In the meanwhile, here are Epstein's suggestions on "How to Read Dickens." High tea at four is, of course, optional, but in keeping with the spirit of things.

1) Take a Zen approach: the destination doesn't matter, it's the journey that counts. Savor each word; don't rush. And don't try to think logically! The truth is not always literal.

2) Read like a child, i.e., allow yourself to slip into Dickens' world completely. Let go of the desire to "find out what happens."

3) If you're tempted to skip something that looks boring, and it's either that or not finish the book, skip it.

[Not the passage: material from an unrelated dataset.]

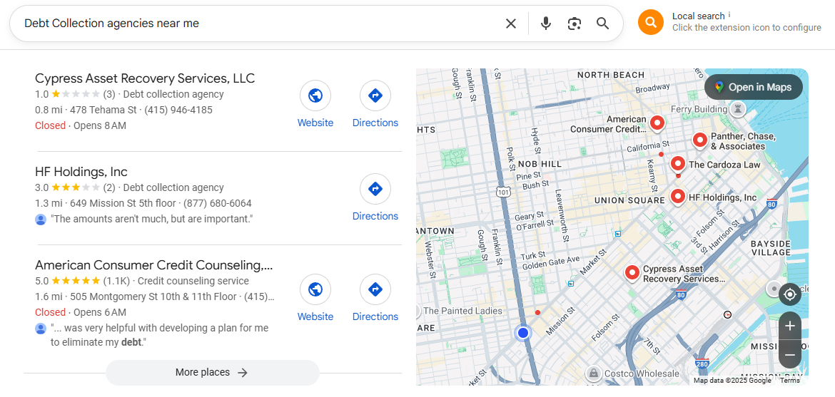 Show up in Google’s map pack for high-intent searches like “collection agency [city]” and “debt recovery services near me.”

4) Expect the author to make mistakes. He wrote fast. He wrote to entertain.

5) Expect inconsistency.

6) Read out loud! Dickens spoke his characters' lines as he wrote.

7) If one Dickens novel isn't to your taste, try another.
A Tale of Two Cities, often the only one most people read in school, is the least Dickens-like of them all.

8) If you've read a late-Dickens novel (anything after
David Copperfield, or 1850) and hated it, try an earlier one. It's almost as if the two groups were written by different authors.

The Friendly Dickens is a great introduction to those novels we were all supposed to read and seldom did. Judging from Epstein's foreboding outline of the aptly-titled, late period Bleak House -- more than 800 pages of Dickensian gloom which begins with six paragraphs describing the murky London fog -- I may save that work for next January's chill, when the Christmas bills begin rolling in.